The front the house of will have a wide "farmhouse" style porch.
The roof area and second floor will be timber framed with SIP roof above it.
Heating will be either with Masonry Stove or radiant heating from an outside wood gasification unit.
Casement windows to catch the breeze and an attic fan installed somewhere to assist with cooling. Other HVAC will consist of the One Room through the wall AC units that are poperlar in Asia.
No architech/engineer/etc will be involved. There are no codes, inspections, permits, etc where I will be building. Have said that, I plan on greatly overbuilding and going much further than code.
I hate (with a passion) cultured/fake stones and to a lesser extent thin stone veneer. I want this house standing for 500 years or more unless torn down (and If torn down, I want the guy operatimg the Excavator with the jackhammer attachment cussing me for the amount of rebar he has to rip through).
Materials for this will be gathered (i.e the stones) or constructed (i.e. the timberframe portions) over the course of several years. The shell will all go up at once and then finishing the inside may half to wait several more years (i.e. rough cut lumber needs time to dry for flooring, paneling, etc).
I will build an insulated pole barn workshop to work out of (and put woodworking equipment in the future) prior to starting.

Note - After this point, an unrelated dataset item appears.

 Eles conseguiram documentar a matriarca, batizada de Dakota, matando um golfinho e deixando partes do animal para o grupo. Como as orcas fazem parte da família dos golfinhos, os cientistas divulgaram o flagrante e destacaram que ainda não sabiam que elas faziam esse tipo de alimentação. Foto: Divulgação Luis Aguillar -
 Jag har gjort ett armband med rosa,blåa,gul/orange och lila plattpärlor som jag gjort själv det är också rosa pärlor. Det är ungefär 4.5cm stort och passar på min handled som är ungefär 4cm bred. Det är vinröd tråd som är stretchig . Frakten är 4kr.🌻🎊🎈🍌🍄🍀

This brings me to the question of this post--my wall constuction. I will list several course of action (from my most favored to least) and let you guys pick them apart.
COA #1.
Double Masonry Walls. 8" poured wall for the basement to just below grade I don't trust CMU blocks below grade for retaing purposes-seen to many bowed out CMU basements. On top of the the poured cement would be 8" Stone for 2-10 feet (front to back) above grade to the top of the basement level (daylight basement with windows). On top of this would be 8" worth of brick and CMUs for stories 1 and 2. This would be a flemish or english bond with 8" worth of brick (I know standard vs modular brick). Connected to this with European style wall ties would be a second inside wall consising of 6" CMUs with a gap of 3-4 inches between each wall. The CMUs would be field with concrete and rebar as appropriate. The gap between the walls would be filled with spray foam (would need the foam guy to come out several times during construction). The walls may also feature buttresses to support the timber frame flooring. Pockets for beams would also be a consideration but I think that would give put somwhat of a side load on the walls (Splaying effect) rather than having the load bear downwards as it would if a perimeter timber girt were to be set on butresses and timber floor joists tied into the girt. The floor joists would also be jointed in the center with a summer beam and posts in the center of the house would support the summer.

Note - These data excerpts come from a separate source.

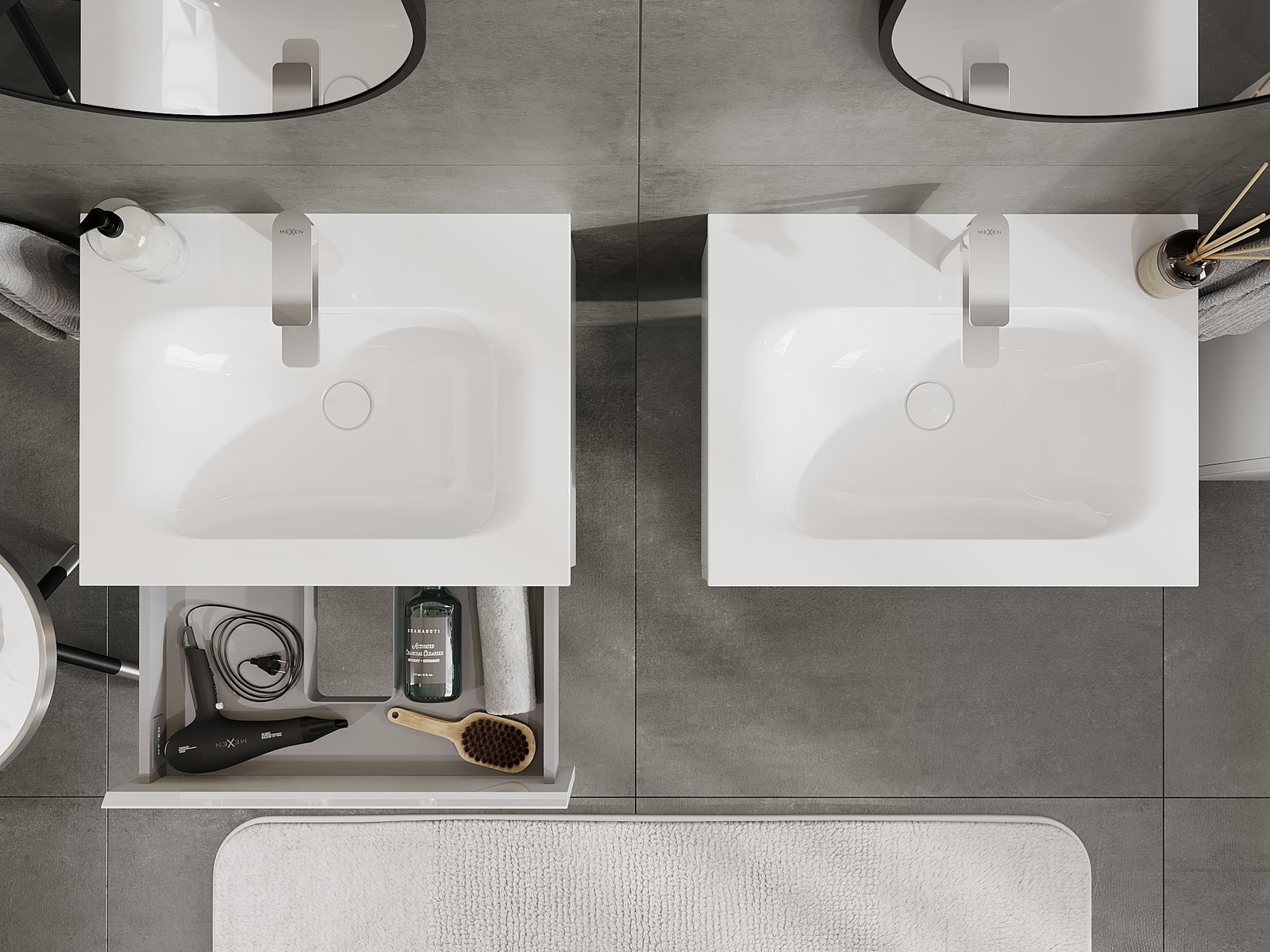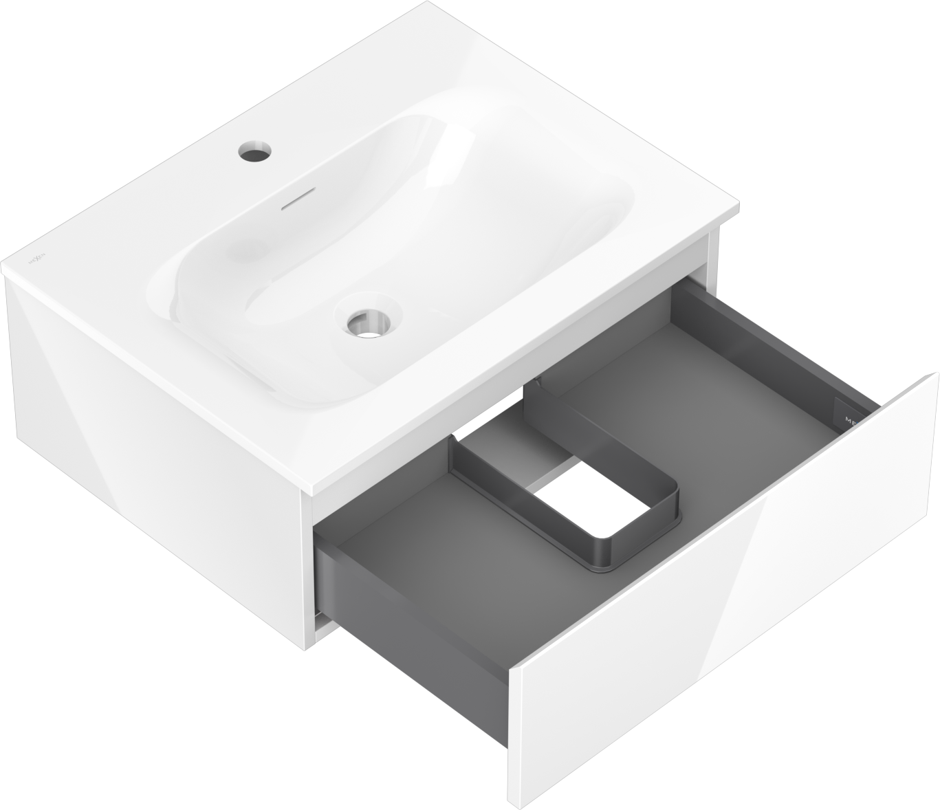 Mexen Orio Badezimmerschrank 60 cm mit Waschbecken Vela, 1 Schublade, weiß glänzend - 91A10-06023-1-BF00-W23M00
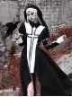 Gothic Style Black White Stand Collar PU Patent Leather Stitching Crucifix Design Short Front Long Back Hem Halloween Long-Sleeved Dress
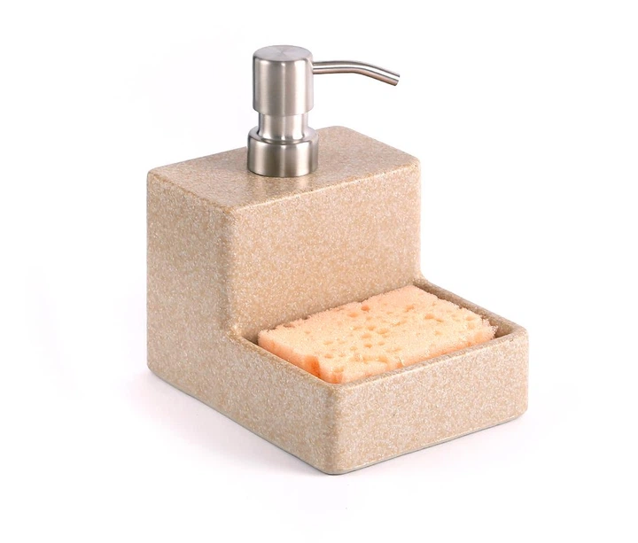 Дозатор засобу для миття посуду настільний із каменю бежевого кольору з підставкою держателем для губки, диспенсер настільни
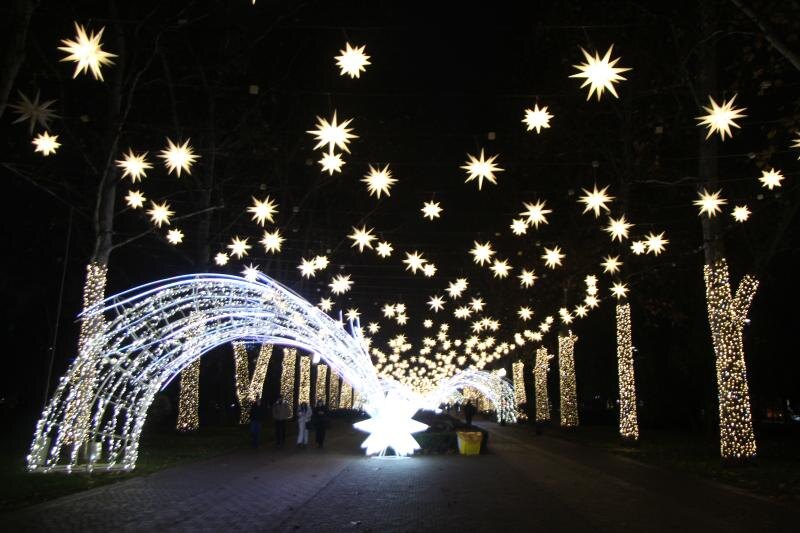 В центре Кубанской столицы заработала иллюминация, переданная в 2024 году городу меценатом Сергеем Галицким. Во всем своем великолепии, как и планировалось, иллюминация зажглась вечером 1 декабря, несмотря на моросящий дождь и прохладную погоду. Сотни краснодарцев вышли на Александровский бульвар, чтобы увидеть, как центральная улица кубанской столицы превратилась в сплошной световой коридор. Как и в прошлом сезоне 2024–2025 годов, световые конструкции растянулись от улицы Будённого до улицы Гаврилова, над бульваром вновь зажглись светящиеся звезды в районе кинотеатра «Аврора», а проход к Александровской триумфальной арке оформили декоративными арками и праздничной подсветкой деревьев. А оформление рядом с гостиницей "Интурист" напоминает фильм «Аватар». Год назад инсталляция Галицкого стала одним из главных зимних символов Краснодара: на улицу Красную специально приезжали туристы из соседних регионов, а горожане отмечали, что в вечерние часы по улице было не протолкнуться из‑за желающ
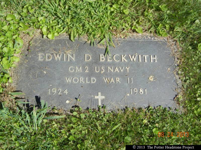 | Beckwith | Edwin D | 1924 | 1981 | Emily E. Beckwith | WWII GM2 US Navy See Also Military Plate See Also Close-Up |

Cons--very labor instensive (my own). Lots of Materials. Possible vunerable to earthquake (BIG New Madrid Fault in South Missouri that is well overdue) do to being purely masonry. Also there may be a little thermal bridging around wall ties. Possible butresses would take up floor area and would be weird to finish out properly.
Pros--Looks good on outside, should resist anything but an F5, conrete mass on inside to soak up heat. Well insulated.
COA#2
Standard 8" ICB with a brick ledge with the layer of 4" stone venner over basement area followed by brick venner for stories 1 and 2.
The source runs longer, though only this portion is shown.